Going to high school near the site of the War of 1812 Battle of the Châteauguay, which thwarted an over-land invasion by Americans bent on conquering Montréal, I was gifted to have a couple of very enthusiastic history teachers who placed a lot of emphasis on local events. As this also coincided with the Parti Québecois’ historic first election to government in 1976 there was no shortage of material – and of course there was lots of study of the October Crisis of 1970 a few years before.
Each year of high school included a day-trip to Ottawa where we would tour Parliament, at least one museum, and the Experimental Farm.
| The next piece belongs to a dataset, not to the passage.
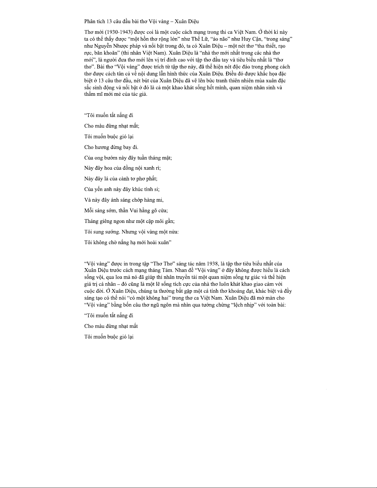 Phân tích 13 câu đầu bài thơ Vội vàng (Thơ mới - Xuân Diệu)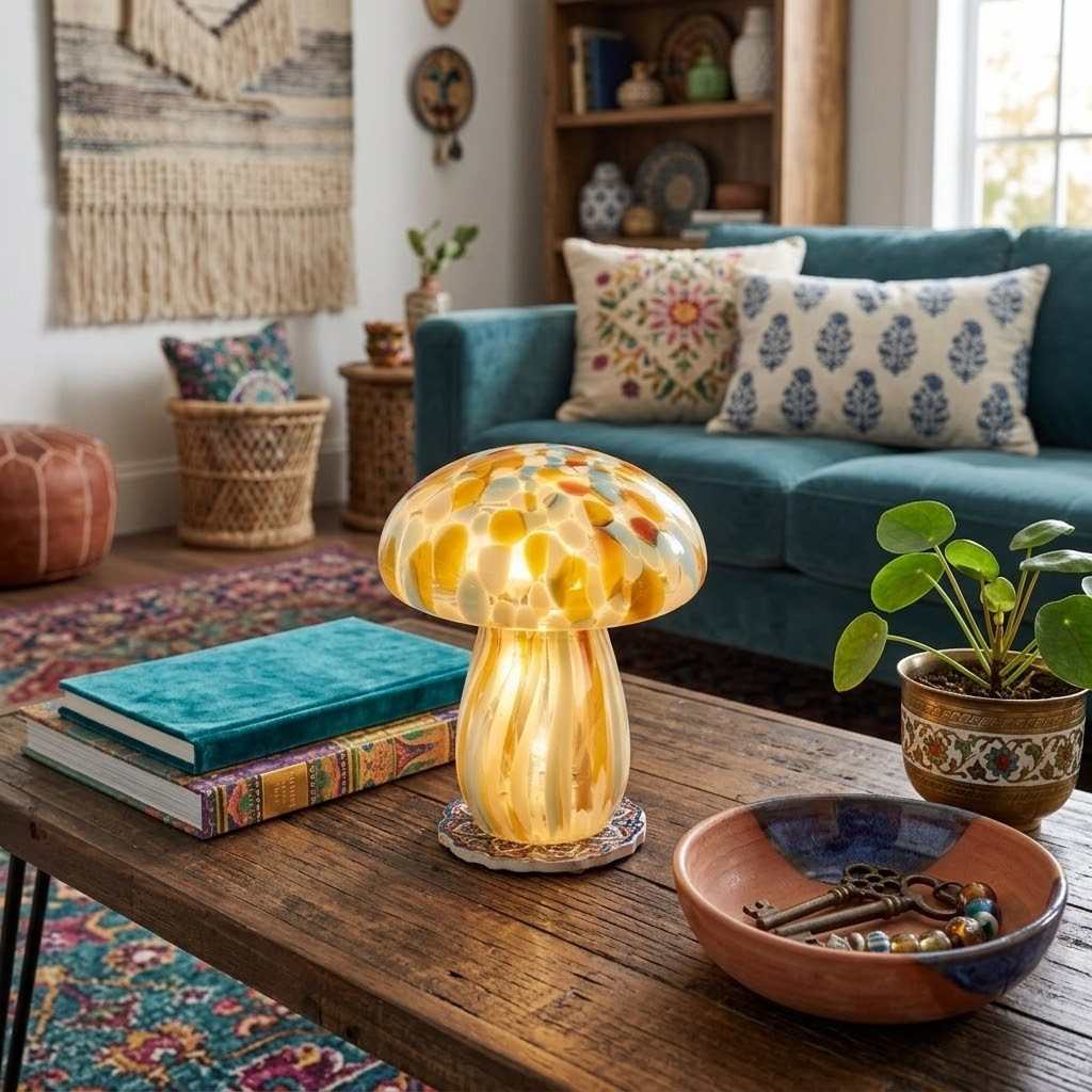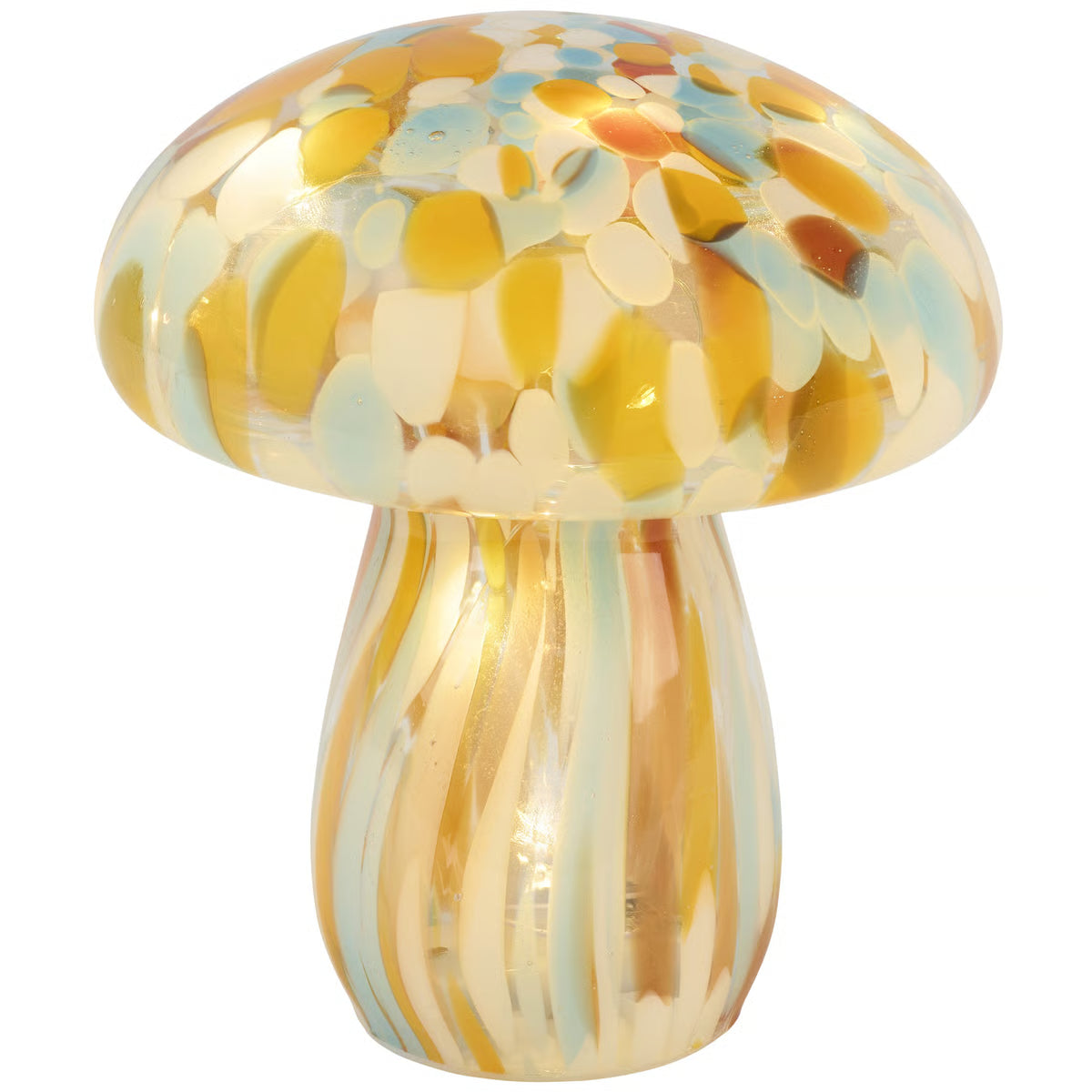 Add stylish mood lighting to any space with our lighted glass sitters featuring a mushroom inspired design for an earthy vibe. This lighted sitter displays a sculpted mushroom design in brown glass with colored swirl accents and wire lights inside. Our lighted Brown Swirl Mushroom includes a convenient 6-hour timer powered by 2 AAA batteries (not included).

Setting off from Ormstown, we’d travel through my home-town of Valleyfield (or its formal name, Salaberry-de-Valleyfield, which honoured French-Canadian lieutenant-colonel Charles-Michel d’Irumberry de Salaberry, hero of the aforementioned La Bataille de la Châteauguay), up past the sprawling horse farms of St-Lazare and the Ottawa River-side town of Hudson (home of NDP leader Jack Layton) to Highways 40 and the 417 which sped us to our destination.
I know that when it came to history and politics I was definitely a nerd but I look back on these opportunities with gratitude.
During the summer I split my time between Portland, Ontario on the Rideau waterways and Perth which, as a War of 1812 military settlement, has a great deal of history in its own right.
In the grand old court house across the street from my grandmother’s, at the time, there sat a judge for many years (John Matheson) who, as a local Member of Parliament during the Lester B. Pearson government, handled the political sausage-making which led to Parliament adapting our much-loved Maple Leaf flag. Matheson, so my grandmother boasted, is a distant relative. My great-grandmother was a sister of Judge Matheson’s grandmother. (The Scottish side of my family make it our life’s work to trace our bloodlines back centuries to the Highlands – roots which I always blame, without evidence admittedly, for my fair, irritation-prone skin.)
All of which is to bring me back to the fact that it was in my youth, even before learning to drive, that I also was most intensely learning about politics and how government works. I’m sure the same is true today so, with so much pathetic apathy among adults, let’s thrown open voting to young people.
Old enough to drive? Old enough to vote!